Arc browser patches critical vulnerability allowing users to inject malicious javascript
Take action: ARC fixed the issue on their backend and you don't need to take action if using their browser. We can all learn that allowing users to inject code into a product and then intermixing the code or keeping it centrally is very very dangerous and a lot of costly testing is needed all the time. Otherwise you may find yourself hacked by user code you explicitly allowed on your platform. Consider whether you really want such a feature, and whether you have the bandwidth to secure it.
Learn More
A critical vulnerability was identified and addressed in the Arc browser, developed by The Browser Company.
The flaw is tracked as CVE-2024-45489 (CVSS score 9.8), is a remote code execution (RCE) vulnerability with the potential to allow attackers to inject arbitrary code into other users' browser sessions without any user interaction.
The vulnerability originated from a misconfiguration in Arc’s Firebase Access Control Lists (ACLs), which are responsible for securing the endpoints for various browser features, including the "Boosts" feature. Boosts allow users to customize websites using custom CSS and JavaScript. Although Arc took measures to prevent sharing Boosts containing custom JavaScript, they still synced these Boosts to their servers to facilitate cross-device functionality.
The flaw allowed malicious actors to modify the "creatorID" field of any Boost, essentially enabling them to assign custom Boosts to any user. By gaining access to a user’s unique ID, an attacker could push malicious JavaScript to a victim's browser session, executing arbitrary code without requiring the victim to visit a specific malicious site.

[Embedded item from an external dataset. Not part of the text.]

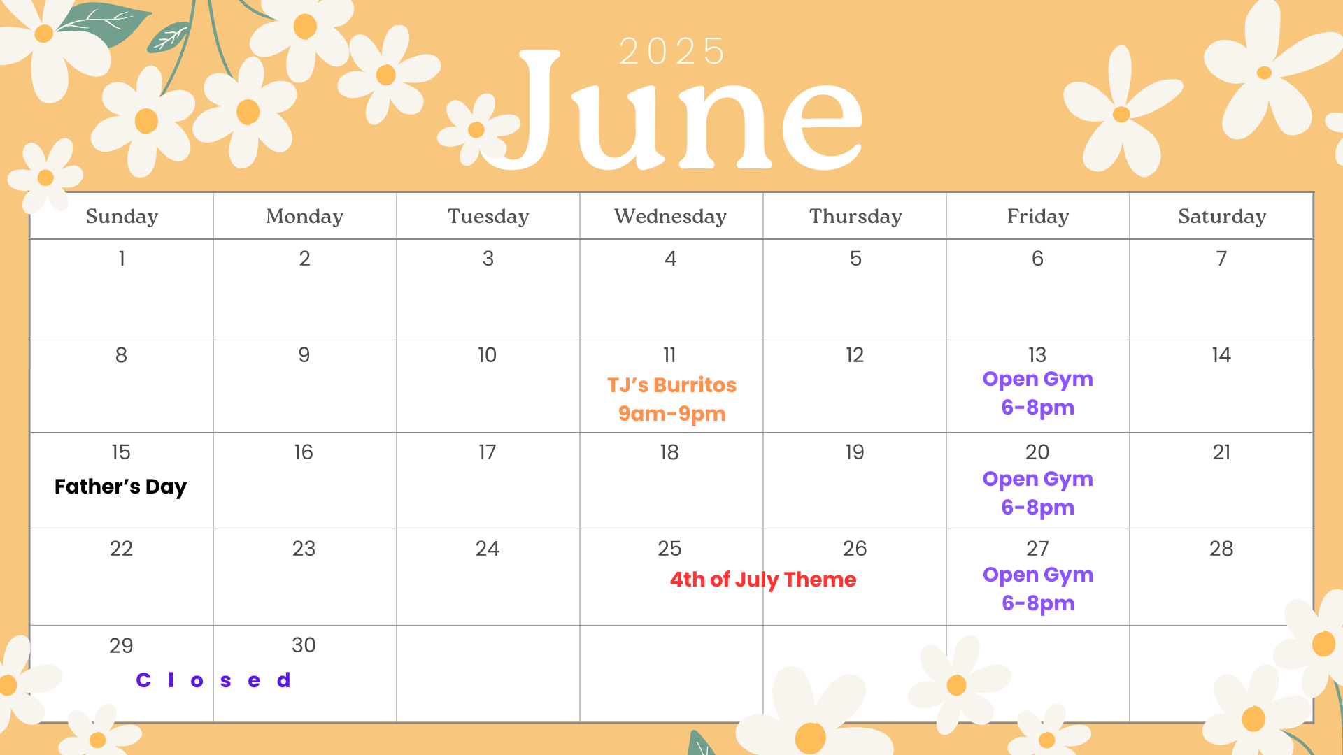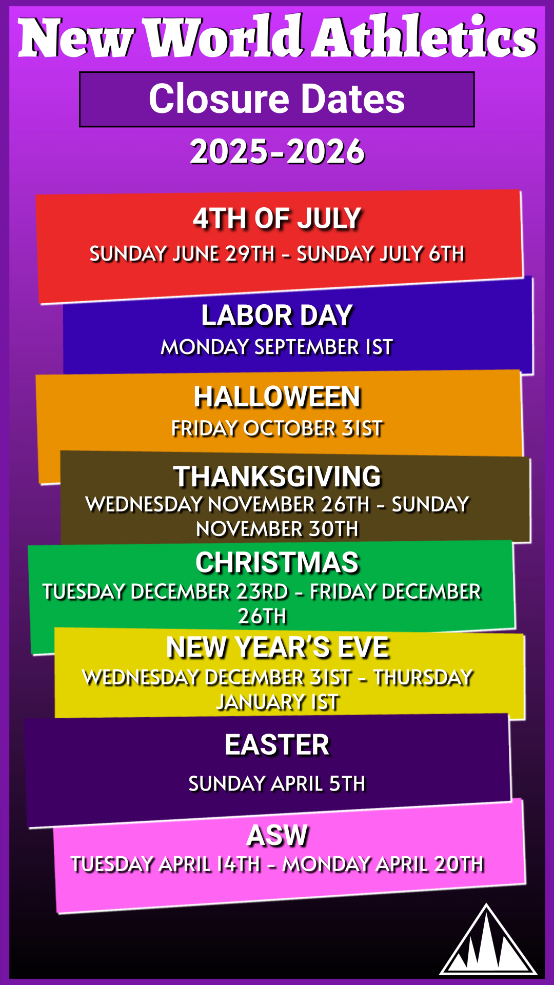 2025-2026 Gym Closure Dates:

The issue was rooted in the incorrect configuration of Firebase ACLs, which permitted the modification of Boosts' creator IDs after they were created. This misconfiguration allowed attackers to exploit the "Boosts" feature to inject harmful code across user devices by simply knowing the victim's user ID.
The vulnerability was disclosed privately by the security researcher "xyz3va" on August 25, 2024, and a patch was released on August 26, 2024, following the private report. Hursh Agarwal, CTO and co-founder of The Browser Company, wrote in a post that no evidence of exploitation in the wild was found, apart from the controlled tests conducted by the researcher.
ARC claims that the issue is fixed on their backend services and no user interaction is necessary.
The company immediately rolled out several fixes, including:
- Disabling JavaScript on synced Boosts by default, requiring explicit activation.
- Implementing Mobile Device Management (MDM) configuration options to disable Boosts across organizations.
- Fixing privacy concerns regarding website information leakage during Boost editing.
- Transitioning away from Firebase for new features to prevent future ACL-related issues.
- Conducting an audit of existing Firebase ACLs and bolstering the security team by hiring a new senior security engineer.
Additionally, they addressed a related privacy concern wherein website visit data was unintentionally sent to their servers when the Boost feature was active, a breach of their privacy policy. The company committed to resolving this issue in the v1.61.1 update.